Fetuses in HOV Lanes, Abortions at Sea, and More Post-Dobbs Weirdness

“A pregnant Plano, Texas, woman argues that she has a right to drive in a highway lane reserved for vehicles with two or more passengers. At 34 weeks pregnant, Brandy Bottone was pulled over by police while driving in a high-occupancy vehicle (HOV) lane on Interstate 75 South. When asked if there was anyone else in the car, Bottone pointed to her stomach and said “my baby girl,” she told The Dallas Morning News:
“One officer kind of brushed me off when I mentioned this is a living child, according to everything that’s going on with the overturning of Roe v. Wade. ‘So I don’t know why you’re not seeing that,’ I said.

“He was like, ‘I don’t want to deal with this.’ He said, ‘Ma’am, it means two persons outside of the body.’

“He waved me on to the next cop who gave me a citation and said, ‘If you fight it, it will most likely get dropped.’

“But they still gave me a ticket. So my $215 ticket was written to cause inconvenience?

“This has my blood boiling. How could this be fair? According to the new law, this is a life.

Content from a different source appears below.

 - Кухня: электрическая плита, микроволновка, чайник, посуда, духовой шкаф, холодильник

Bottone said she will be fighting the citation in court.

Her situation hints at how all sorts of existing rules could change—or at least be challenged—when the legal definition of personhood changes.”

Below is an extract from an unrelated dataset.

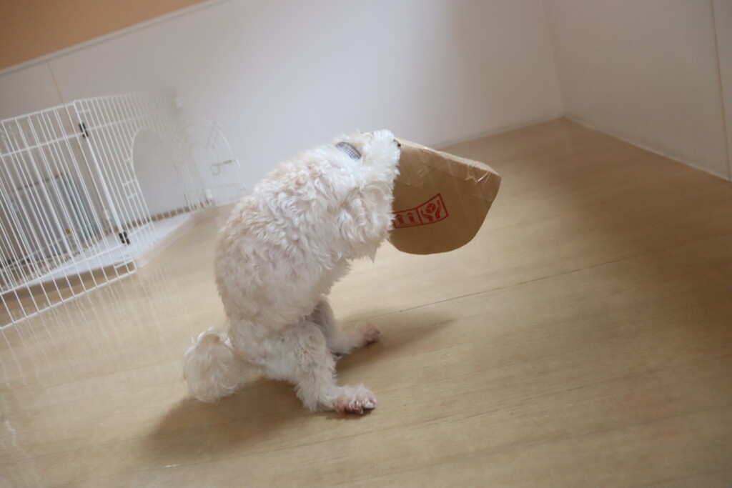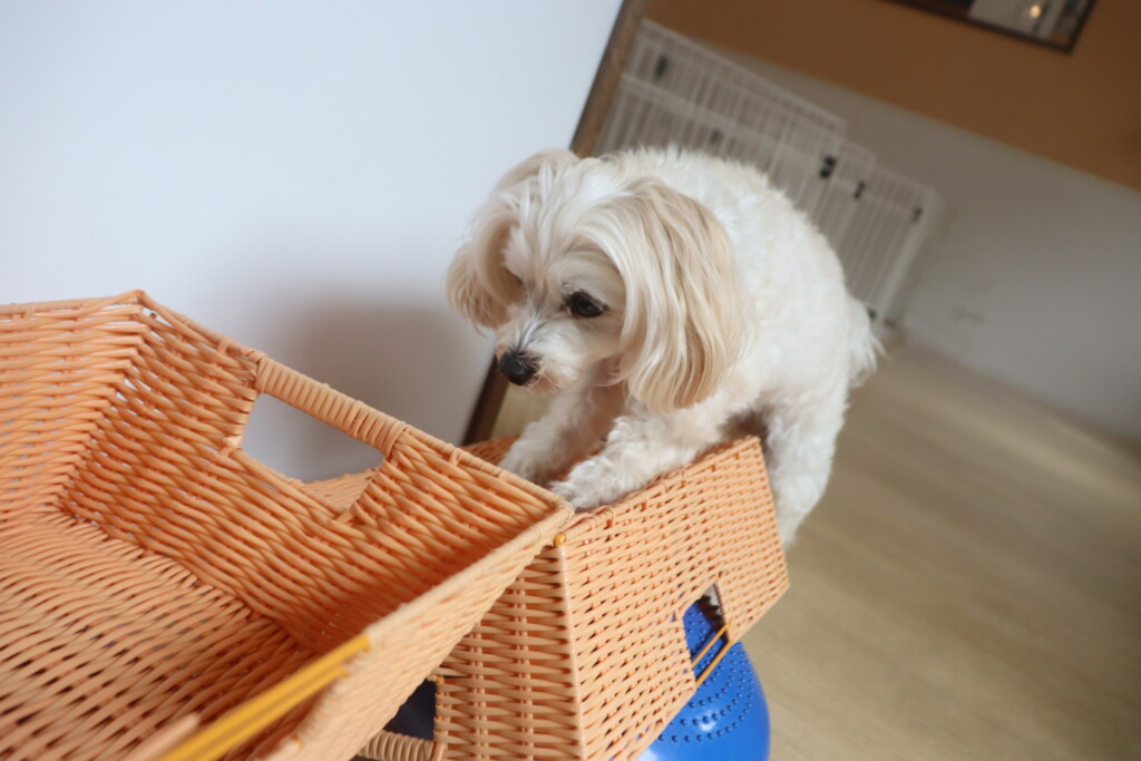 倒れる音が怖いようで逃げ足の速いソフィちゃん😂

The end of Roe will mean more children living in poverty

“Almost half the United States is ready to outlaw abortion now that the Supreme Court has overruled Roe v. Wade. But many of those states are not willing to give new babies and their families the educational, medical, or financial support they need to lead a healthy life. That could leave tens of thousands of future children unnecessarily disadvantaged and living in poverty.”

“Those births will predominately be in the states with the most draconian post-Roe abortion restrictions. And with a few exceptions, those 22 states rank in the bottom half of states in the comprehensive support they provide to children and their families, according to the State-by-State Spending on Kids Dataset compiled by Brown University’s Margot Jackson and her colleagues. The disparities can be enormous: Vermont spends three times as much money on education, health care, and other economic support for children as Utah.”

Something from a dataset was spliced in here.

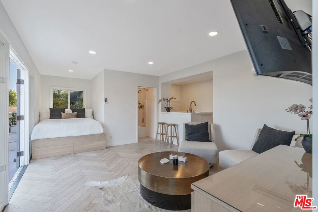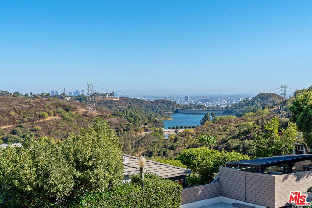 Perched in the Hollywood Hills, this fully furnished urban contemporary retreat captures sweeping views of the Santa Monica Mountains, Lake Hollywood, and glittering city lights, an escape from the rush of everyday life. Fenced and gated for privacy, the main residence features 3 bedrooms and 2 baths, while a separate guest studio/ADU with its own entrance, kitchenette, and bath offers flexible space for entertaining, office, gym, or overnight guests. Expansive windows, French doors, and open-concept living invite the outdoors in. From the dramatic fireside living room to the formal dining area and a full-length glass terrace, every space is designed to showcase the breathtaking scenery. The kitchen makes a stylish statement with quartz countertops, fresh color accents, breakfast island, and stainless appliances. The split-level primary suite is a sanctuary, with floor-to-ceiling windows, dual closets, a spacious sitting area, and a deluxe en suite bath. Recently reimagined from top to bottom, the home blends thoughtful design with modern convenience, including a brand-new roof, smart home technology, and a fully wired security system ready for seamless living from day one. This 2,705 sq. ft. residence offers rare tranquility in a sought-after Hollywood Hills West enclave known for its privacy and celebrity pedigree. A true hillside gem where design meets lifestyle.

“The children born in these circumstances will start life a few steps behind, all because their political leaders strove to ban abortion without offering support to the children who would be born if their aims were achieved.”

5 ways abortion bans could hurt women in the workforce

“Perhaps most insidiously, lack of abortion access seriously restricts women’s hopes for their own careers. Building on her team’s research in the Turnaway Study, Foster found that women who were unable to get a desired abortion were significantly less likely to have one-year goals related to employment than those who did, likely because those goals would be much harder to achieve while taking care of a newborn. They were also less likely to have one-year or five-year aspirational goals in general.”

Black women will suffer the most without Roe

“Black women are more likely to live in areas where it’s harder to access contraception. They get abortions at the highest rates compared to women of other races, due to high rates of unintended pregnancy.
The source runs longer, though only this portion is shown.